I'm trying to understand intuitively why the peak reflected light from a thin-film decreases in wavelength with increasing angles. To me, it seems it should be the opposite. I know the peak reflectance is given by the equation $2nd\cos(\beta)=(m-1/2)\lambda$, where beta is the angle of the refracted ray in the film. Increasing angle of incidence, will decrease beta from 1, which causes the decrease in peak wavelength.
However, I'm trying to understand this from the perspective of how the optical path length in the film changes. When the angle of incidence increases, then the optical path length will also increase. Shouldn't this mean that the peak wavelength would increase?

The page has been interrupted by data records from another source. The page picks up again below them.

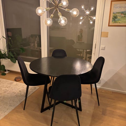 Rundt spisebord med fire matchende stoler i svart. Bordet har rund bordplate og moderne understell i metall. Stolene har polstret sete og rygg med slanke ben i metall. Passer som spisegruppe på kjøkken eller i mindre stue/spisestue, og gir sitteplass til fire personer rundt bordet.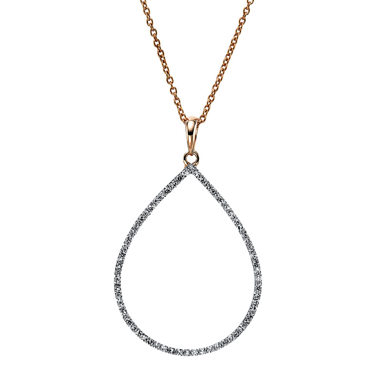 Collier 18 kt RG “Tropfen”, mit Öse, 64 Brillanten 0,25 ct, TW-si, L:45,7 cm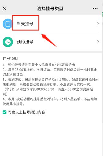 选择“当天挂号”。

For the bottom reflected wave to be in phase with the top reflected wave (shifted by $\lambda/2$), the optical path difference must equal $\lambda/4$.
If we imagine the thin-film to be 100 nm thick, refractive index of 2, originally it will have a peak at reflectance of $100 \times 2 \times 4=800$ nm. When we increase incidence, say the distance is now 120 nm, thus $120 \times 2 \times 4 = 960$ nm.
This is clearly wrong, because the correct equation tells me wavelength will decrease. In the figure below, you can see how peak moves to shorter wavelength with increasing angle of incidence (from S Kinoshita et al 2008 Rep. Prog. Phys.71 07640) But I don't understand why my reasoning gives the wrong answer?